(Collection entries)
■ ■ ■ ■ ■

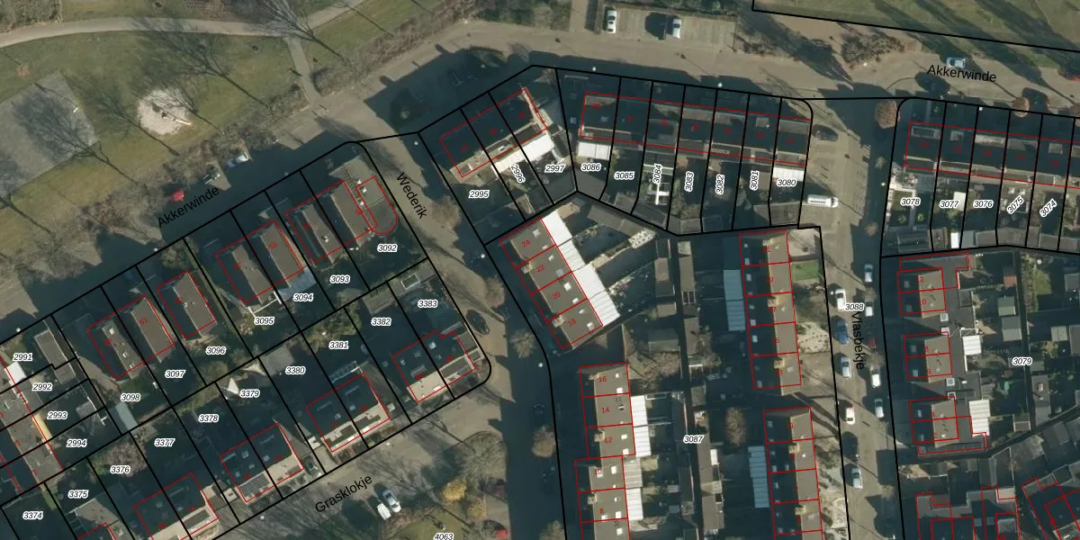 Het perceel waarop Wederik 22 staat heeft een oppervlakte van 3875 m². Dit is een zeer groot perceel. De perceeloppervlakte wordt geregistreerd door het Kadaster. Gedetailleerde informatie over de maten van dit perceel kunt u vinden in het rapport Kadastrale kaart met maatvoering van Wederik 22.
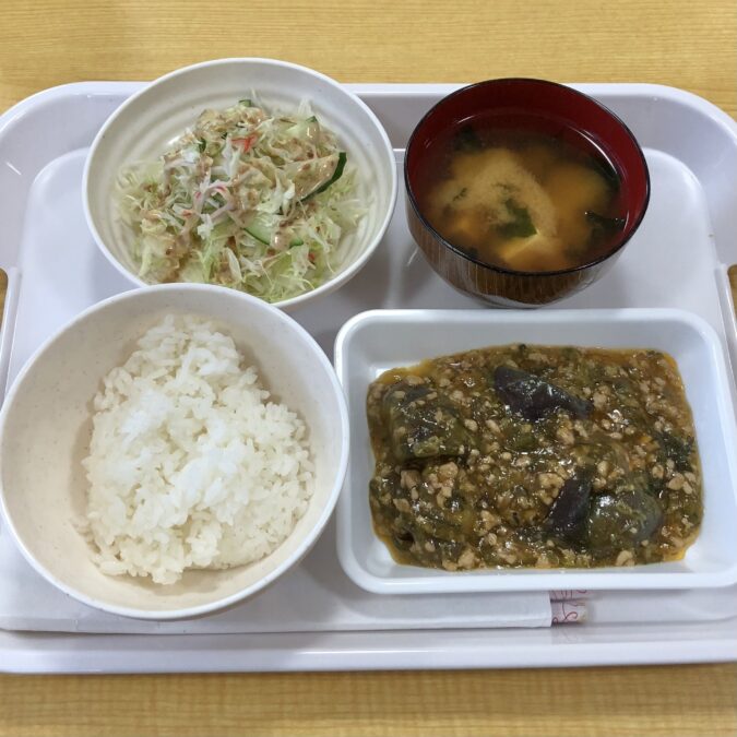 プリッとジューシーに仕上げた鶏の照り焼きは、甘辛だれがしっかり絡んでご飯がすすむ味わいに。生姜の風味をきかせた麻婆茄子は、辛さをおさえて食べやすく、ご飯にのせても美味しいと好評でした😊
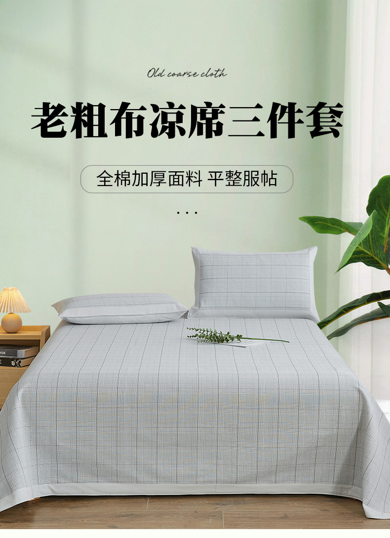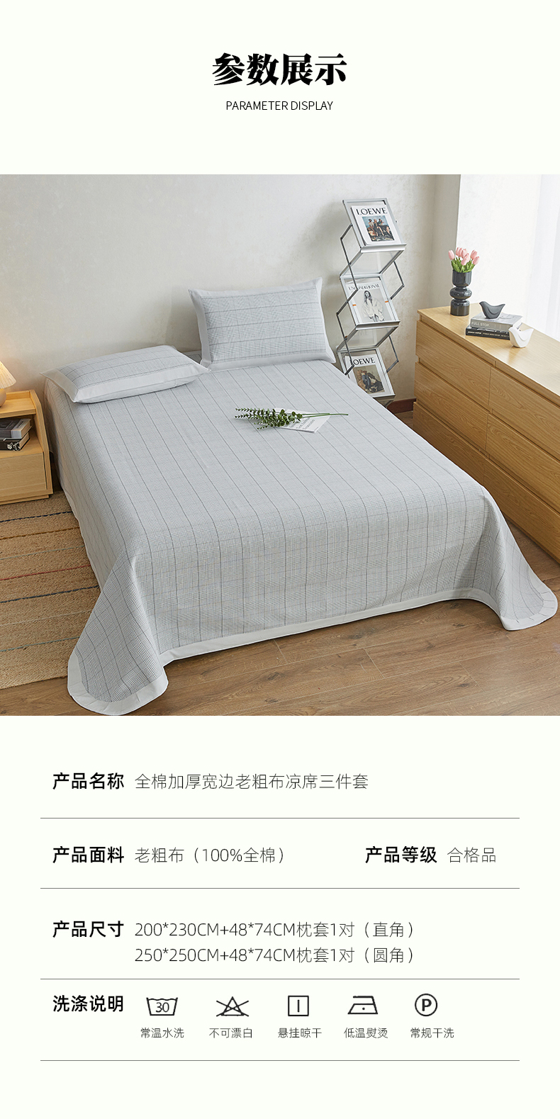 商品名称:首爱 2025新款全棉加厚宽边老粗布凉席三件套 楼兰
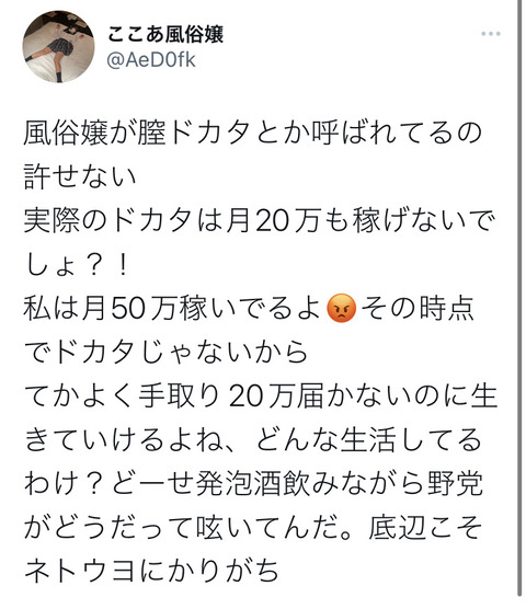 風俗嬢が膣ドカタとか呼ばれてるの許せない
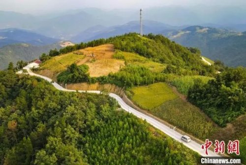 黃德印駕駛面包車穿行山路。(無人機(jī)照片)張倩龍 攝
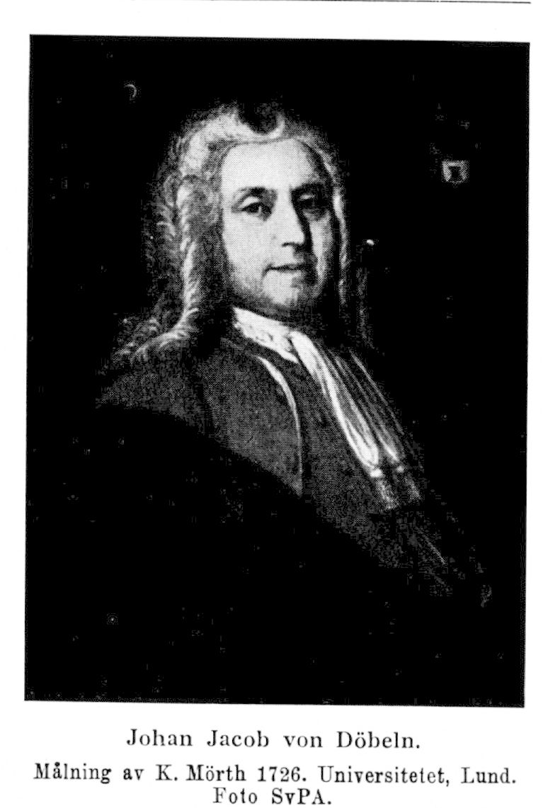 1. Johan Jacob von Döbeln, före adlandet Döbelius, f. 29 mars 1674 i Rostock, d. 14 jan. 1743 i Lund. Föräldrar: med. doktorn, professorn i Rostock Johannes Jacobus Döbelius och Anna Elisabeth von Hillen. Student i Rostock 7 april 1690; studerade medicin i Köpenhamn, Königsberg, Danzig och Leiden; livmedikus hos polska starosten Grudzinski 1693; med. doktor i Rostock 18 april 1695; provinsialmedikus i Göteborgs och Bohus län samt stads-fysikus i Göteborg 31 maj 1697; assessor i Collegium medicum s. å.; provinsialmedikus i Skåne 17 mars 1699; stabsmedikus vid svenska armén i Skåne 3 dec. 1709; professor i medicin vid Lunds univ. 14 mars 1710; dess rektor magnificus 1717, 1729, 1742; adlad 21 jan. 1717. LVS 1733; led. av kejserliga tyska Academia naturse curiosorum 1736.

■ ■ ■ ■ ■

### EXERCISE DIRECTIONS:
Quote, without alteration, the lines running from the line containing "黃德印駕駛面包車穿行山路。(無人機(jī)照片)張倩龍 攝" to the last line of the entries, and include no pictures.

### COMPLETED TASK:
 黃德印駕駛面包車穿行山路。(無人機(jī)照片)張倩龍 攝
 1. Johan Jacob von Döbeln, före adlandet Döbelius, f. 29 mars 1674 i Rostock, d. 14 jan. 1743 i Lund. Föräldrar: med. doktorn, professorn i Rostock Johannes Jacobus Döbelius och Anna Elisabeth von Hillen. Student i Rostock 7 april 1690; studerade medicin i Köpenhamn, Königsberg, Danzig och Leiden; livmedikus hos polska starosten Grudzinski 1693; med. doktor i Rostock 18 april 1695; provinsialmedikus i Göteborgs och Bohus län samt stads-fysikus i Göteborg 31 maj 1697; assessor i Collegium medicum s. å.; provinsialmedikus i Skåne 17 mars 1699; stabsmedikus vid svenska armén i Skåne 3 dec. 1709; professor i medicin vid Lunds univ. 14 mars 1710; dess rektor magnificus 1717, 1729, 1742; adlad 21 jan. 1717. LVS 1733; led. av kejserliga tyska Academia naturse curiosorum 1736.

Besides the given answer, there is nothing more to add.